Saturday, October 22, 2005

The Scariest Thing I've Ever Read

Just in time for Halloween...

Stephen King called The Hot Zone "one of the most horrifying things I've ever read." I would hand that title instead to David Goodstein's Out of Gas (he has also lectured on this topic; you can get RealVideo here). Goodstein's concern is not the possible deaths of millions of people due to Ebola and Marburg. It's not the Bush administration paving over Yosemite. It's not even anthropogenic global warming and a piddling few degrees' increase in average temperatures. He's worried about whether or not we will run out of fossil fuels before we figure out how to live sustainably, and consequently whether civilization as we know it will come to an end.

Goodstein is a physics professor at Caltech. In the book, he heads straight for the basics: we're consuming energy that was stored in the ground long ago. We are consuming it far faster than it replenishes itself. It will run out; what are we to do when it does?

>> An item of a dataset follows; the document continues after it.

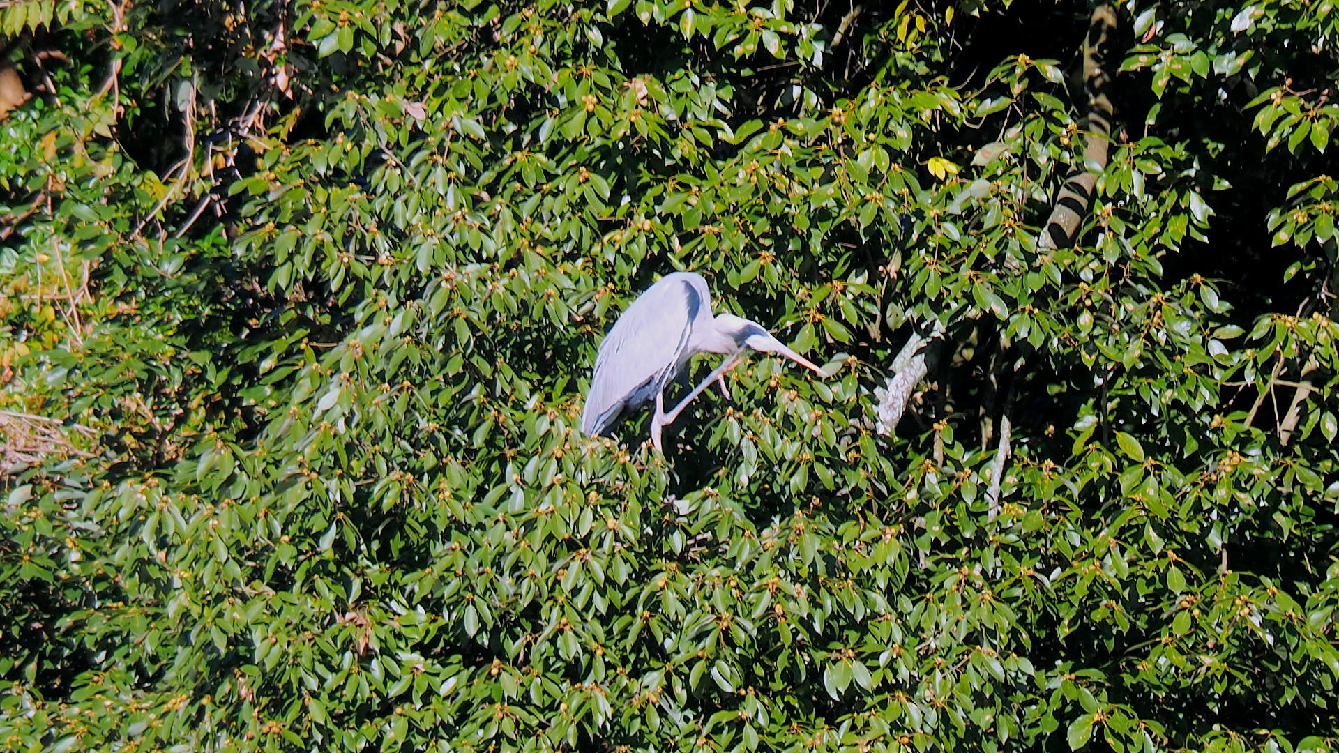 高岡古城公園本丸のアラカシ留まるアオサギ 2023/11/22 撮影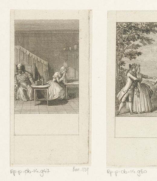 This print, "Heksenproces in Glarus," was made by Daniel Nikolaus Chodowiecki, using etching techniques. The incised lines, creating a scene of domestic life and, ominously, a woman in contemplation, speak to the printmaking process itself. Think of the labor involved in the skillful marking of the plate with fine tools. Chodowiecki would have employed acid to bite into the metal, allowing for the transfer of his design to paper. The social context is key here. The work implicates the viewer in a narrative loaded with anxiety – witch trials. The artist reminds us that what may seem like simple materials carry cultural weight. Ultimately, this print invites us to consider the potent mix of material, technique, and social commentary, which dissolves the boundaries between craft and fine art.

Goodstein covers the well-known Hubbert peak, and suggests that we are now at the world-wide peak of petroleum production, give or take a decade or so. When we hit that peak, we are about half way done with the amount of oil we can successfully extract and use. But that doesn't mean we have another 150 years to go before problems occur; because demand is increasing and production is flat to declining as we pass the peak, serious shortages are likely to begin within a decade or two at most. Such shortages will lead to price instability, and are especially problematic since petroleum is such a flexible, useful material. We use it in plastics, fertilizers, and more, as well as burning the stuff directly, so a shortage has the potential to threaten such fundamental societal requirements as food production.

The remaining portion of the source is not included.